Hi coop42. Welcome to the forum. Throttle position sensors don't get out of adjustment on their own, in fact, on most cars you just bolt 'em on and you're done. The Engine Computer takes a reading from it at idle and puts that in memory. From then on, whenever it sees that same value, it knows it must be in control of idle speed. At any higher voltage, the computer assumes you have your foot on the gas pedal so it leaves engine speed up to you.
The sensor is fed 5.0 volts from the computer. There are mechanical stops on the sensor to only allow it to read between approximately 0.5 and 4.5 volts on the signal wire. Anything outside that range is unacceptable and will result in the computer memorizing a diagnostic fault code.
Three things can cause a defective condition. If the ground wire or ground terminal inside the sensor breaks open, the signal voltage will always be 5.0 volts; a defective condition. If the 5.0 volt feed wire or sensor terminal break open, the signal wire will always read 0.0 volts, another defective state. If the signal wire breaks open, the computer's circuitry will " pull" the voltage it sees to 0 or 5.0 volts to induce a bad reading while you might still measure the correct voltage at the sensor. A worn spot or speck of debris inside the sensor will cause similar conditions. Different Engine Computers have different strategies on how long the defective state must be present before it will set the fault code. Some set the code instantly. Other computers watch the readings for a while before deciding to set the code. While it's waiting and watching, stumbling or other running problems could occur.

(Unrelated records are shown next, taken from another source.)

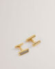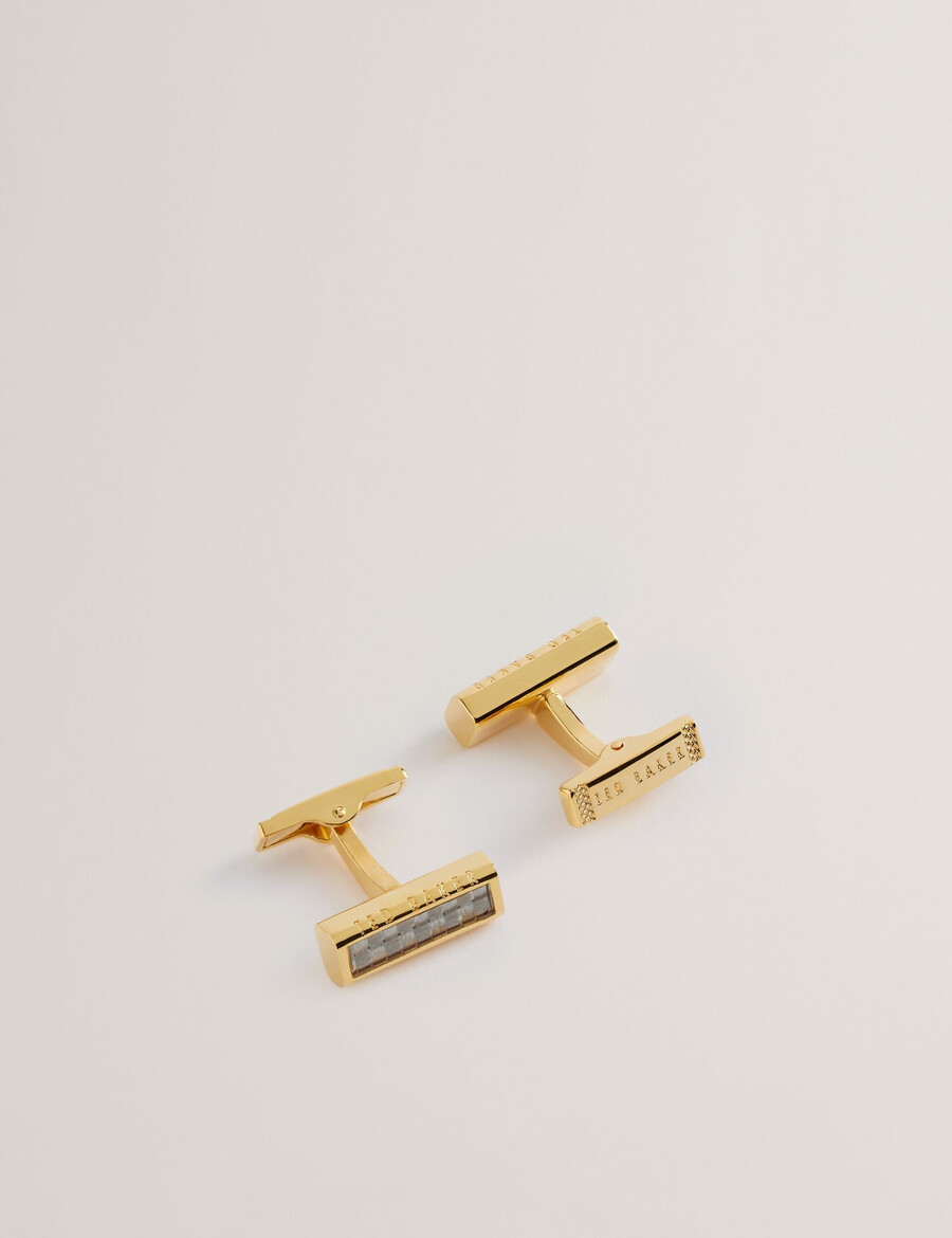 Gemelos de metal Forma de barra larga Centro de fibra de carbono Baño en tono dorado brillante Logotipo grabado Cierre con bisagras 83 % latón, 10 % aleación de zinc, 3 % acero inoxidable, 2 % fibra de carbono, 1 % epoxi, 1 % baño en color dorado No lavar, planchar ni limpiar en seco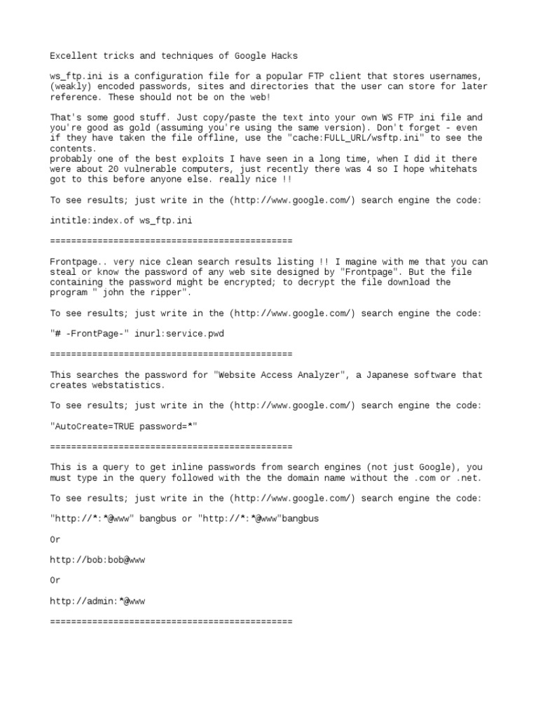 Excellent Tricks and Techniques of Google Hacks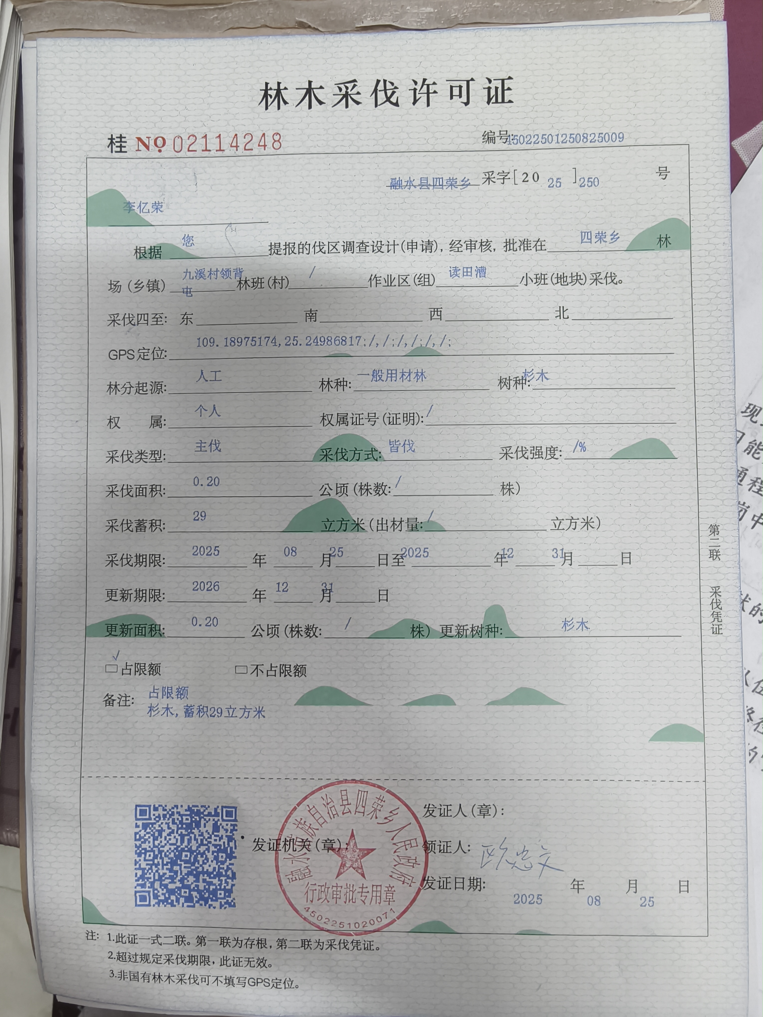 林木采伐许可证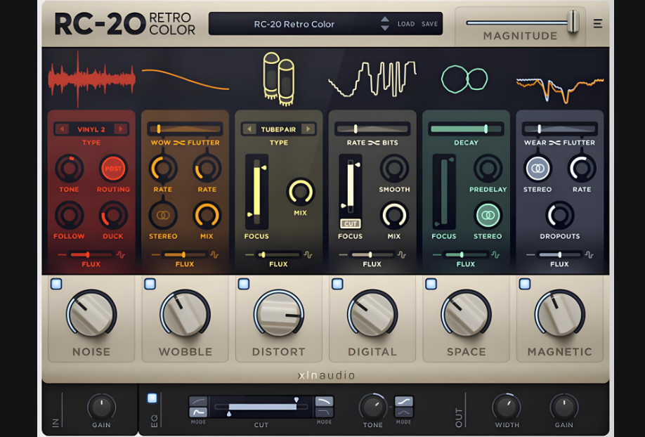 RC-20 Retro Color是一款由XLN Audio开发的复古风格音频效果插件,主要用于为音乐作品增添老式录音设备的温暖质感。以下是其核心功能简介: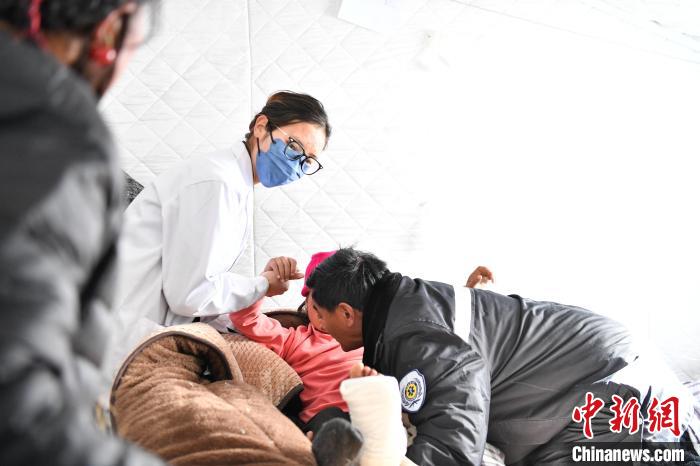 1月10日,西藏定日,醫(yī)護(hù)人員帶老人達(dá)娃的孫女去復(fù)查。 中新社記者 貢嘎來(lái)松 攝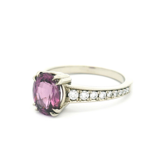 18k White Ring with 1.90ct Oval Pink Sapphire and Accent Diamonds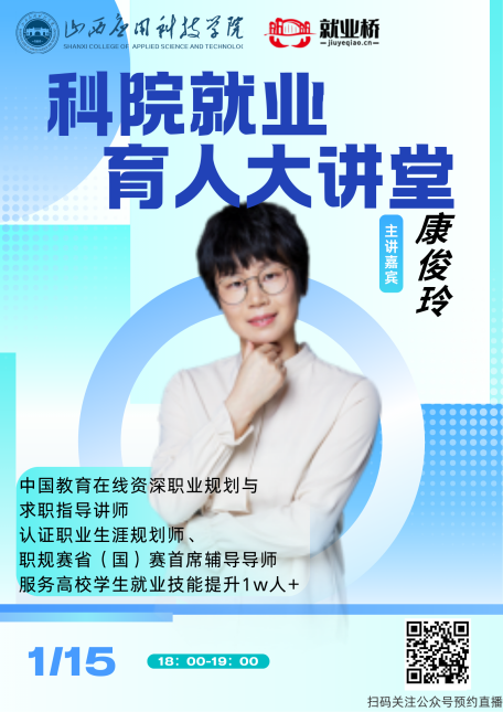 为帮助2026届我校毕业生深入了解职业规划、拓宽就业发展路径,招生就业处在1月15日、2月10日,分别邀请中国教育在线资深职业规划与求职指导讲师康俊玲、职业规划高级指导导师孙振明,开展《科院就业育人大讲堂》系列专题讲座。两场讲座在线观看人数合计近千人。讲座中,两位导师结合自身丰富经验,分别从职业规划核心逻辑、求职实战技巧、创业就业赛事指导等方面展开分享,为学子们提供了系统且实用的职业发展方法论。本次就业育人大讲堂的成功举行,不仅让毕业生对职业生涯规划有了更清晰的认知,还为他们搭建了对接专业资源的桥梁。同学们纷纷表示,讲座内容贴合求职实际需求,对自身明确职业方向、提升就业竞争力具有重要指导意义,有助于在未来职场中找准定位、稳步前行。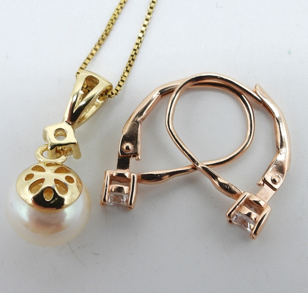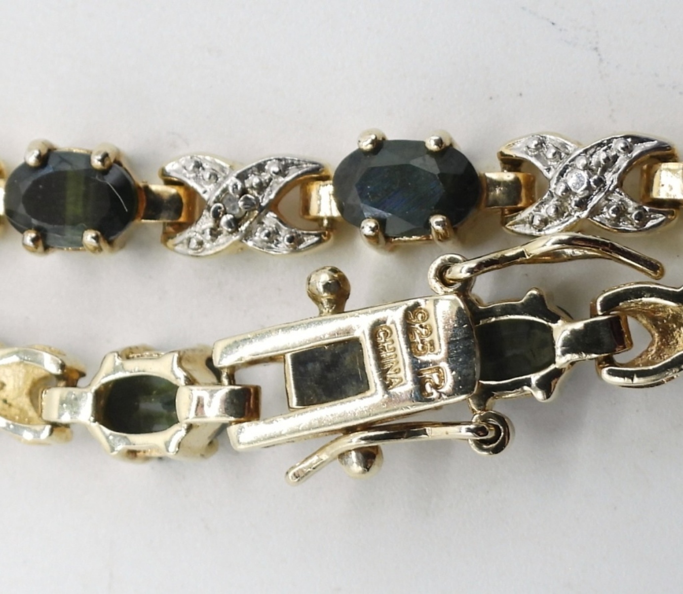 Beautiful gold tone sterling bracelet with gorgeous dark green gemstones, 7″ long. Gold tone sterling pearl necklace, 18″ long. Pierced earrings. (10 dwt)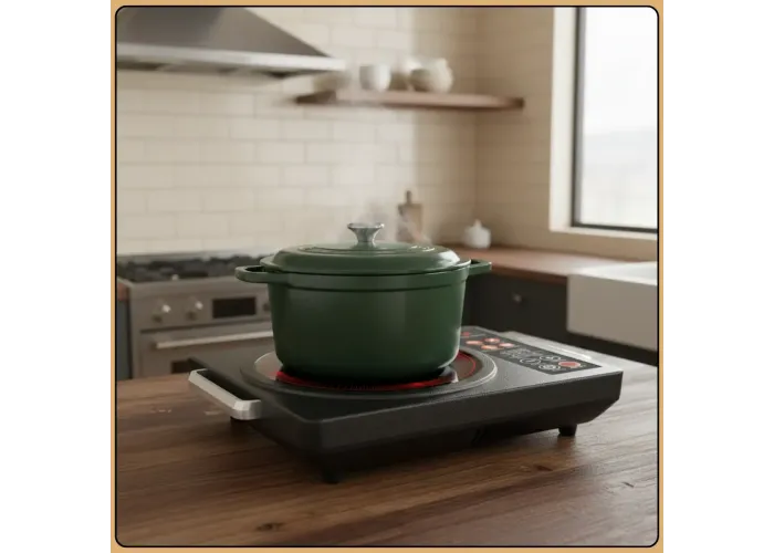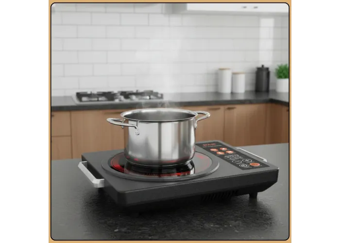 Плита оснащена таймером и функцией автоотключения, что повышает безопасность эксплуатации и делает использование более комфортным. Защита от перегрева гарантирует надежную работу даже при интенсивной нагрузке. Гладкая рабочая поверхность легко очищается и не требует сложного ухода.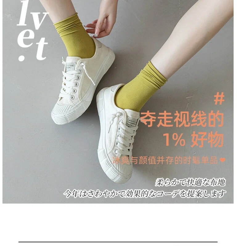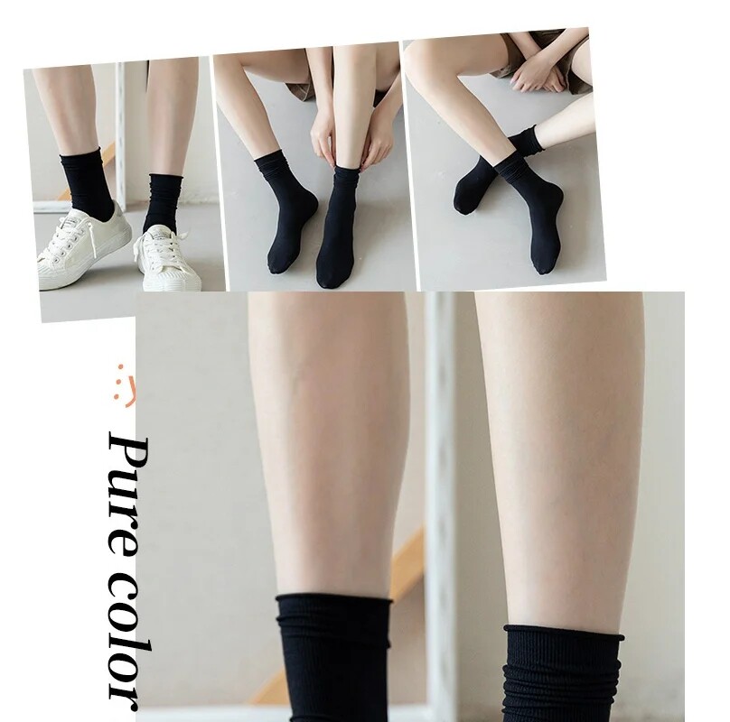 Белые летние тонкие шелковые черные носки, средней длины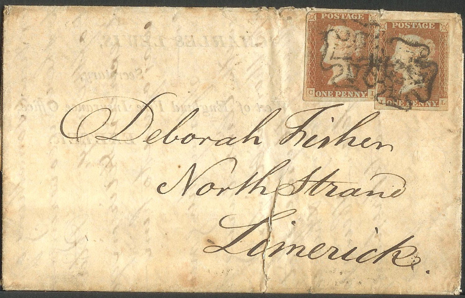 [DJ-DK] pair on entire from Ballina to Dublin dated 3 December 1848, cancelled with a single black Irish numeral (29 Ballina)Contrary to Regulations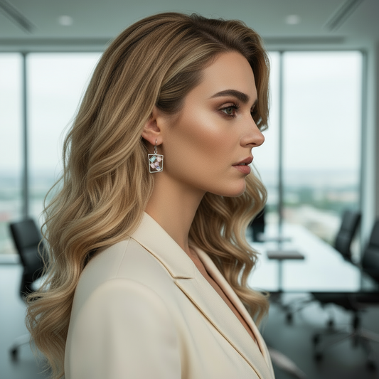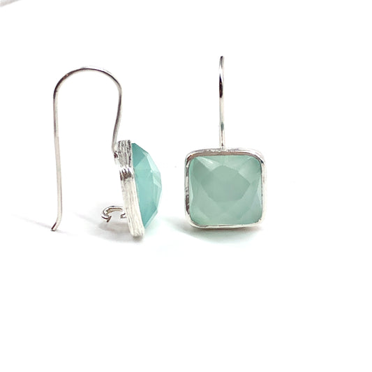 Rose cut Chalcedony Stone Square Drop Sterling Silver Earrings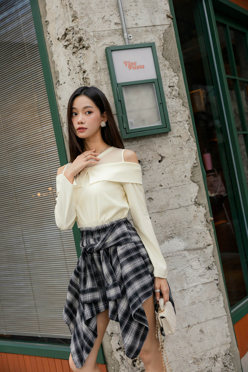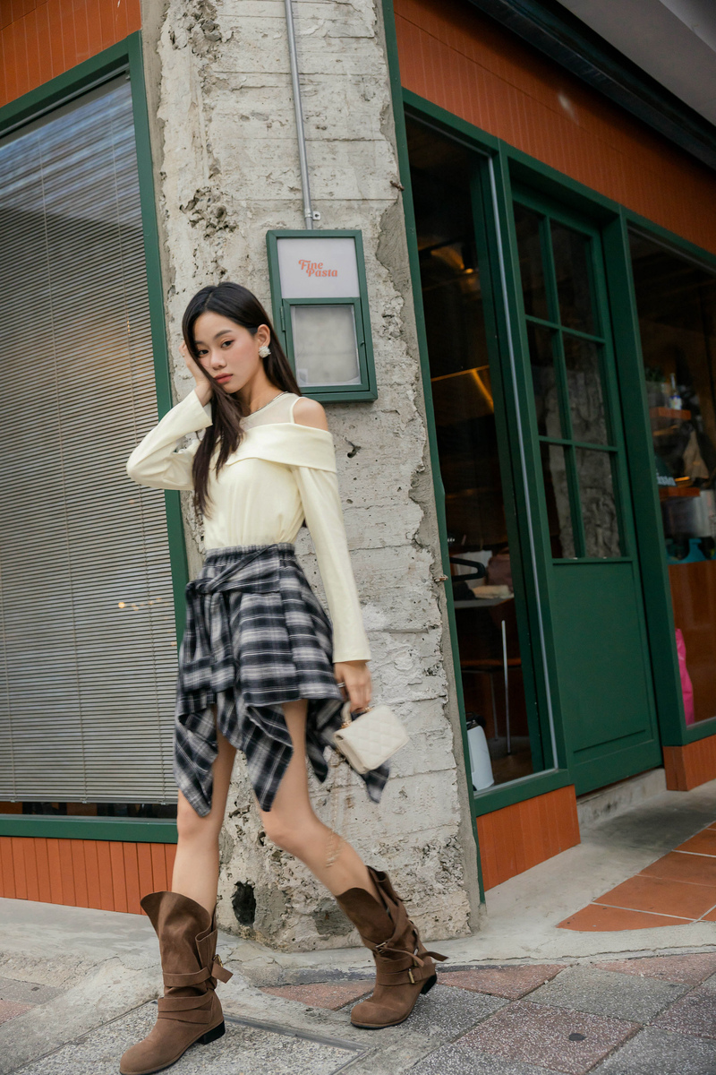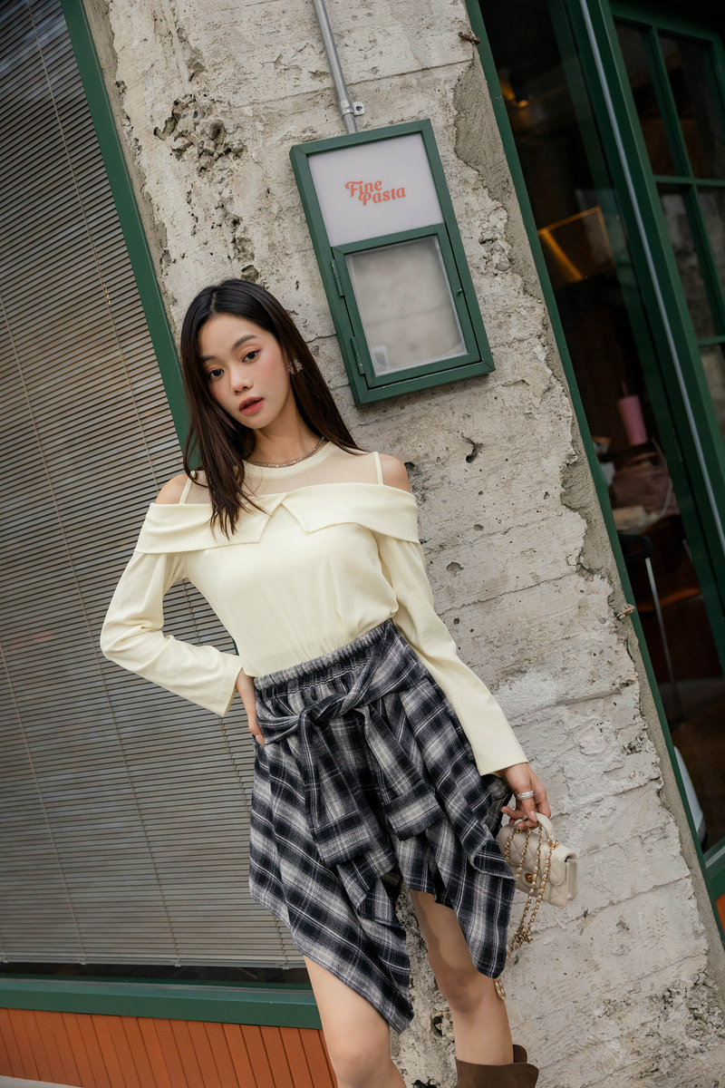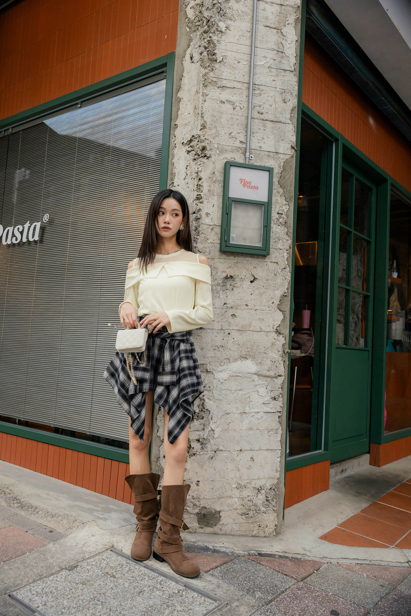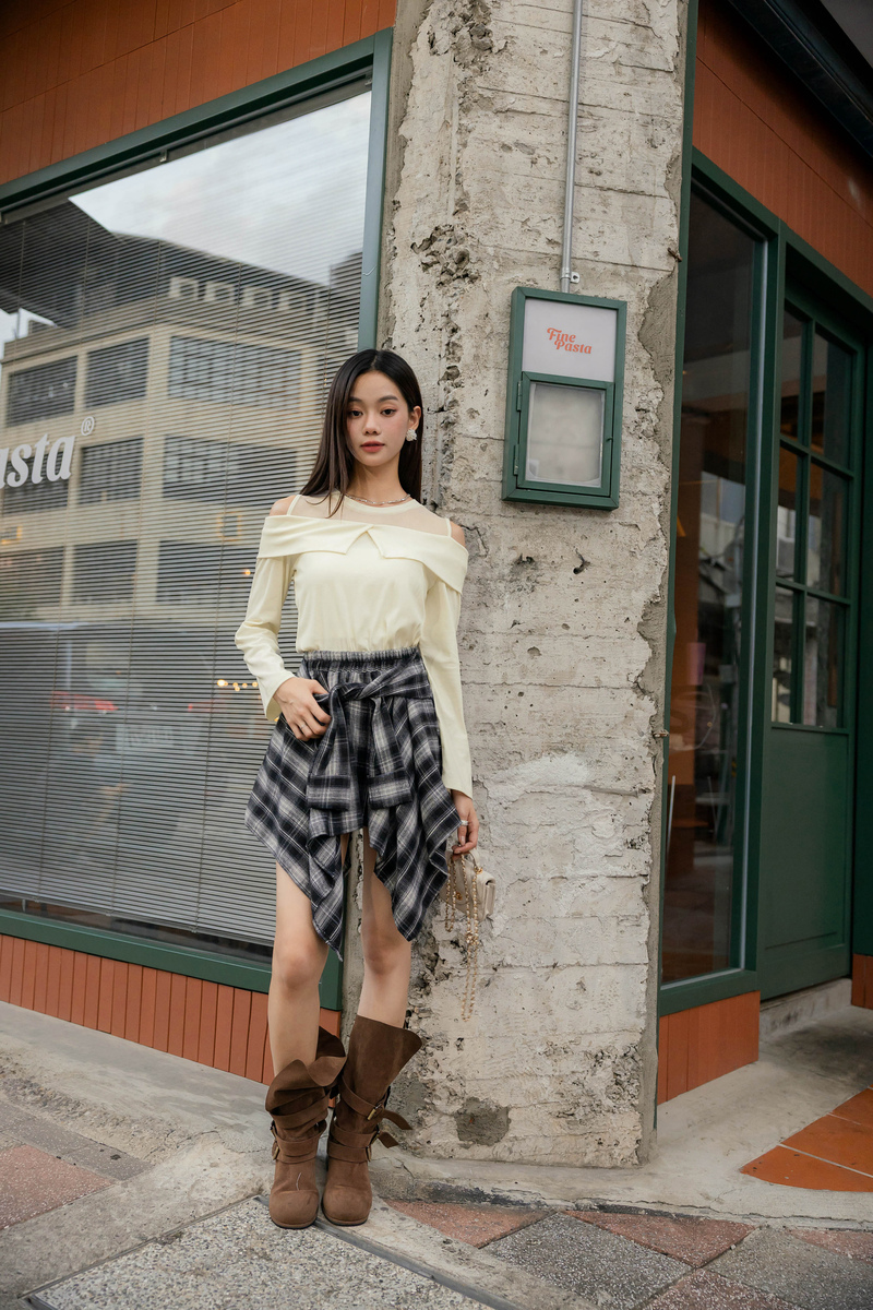 • 單肩綁帶薄針織上衣

When the battery is disconnected or run dead, the Engine Computer often has to relearn the lowest reading from the throttle position sensor so it will know when it must be in control of idle speed. Until that happens, the engine will often stall when you remove your foot from the gas pedal. The procedure is automatic but certain conditions must be met. Chrysler, for example, simply requires the engine to be warmed up, and you coast for at least seven seconds from highway speed, without touching the brake or gas pedals.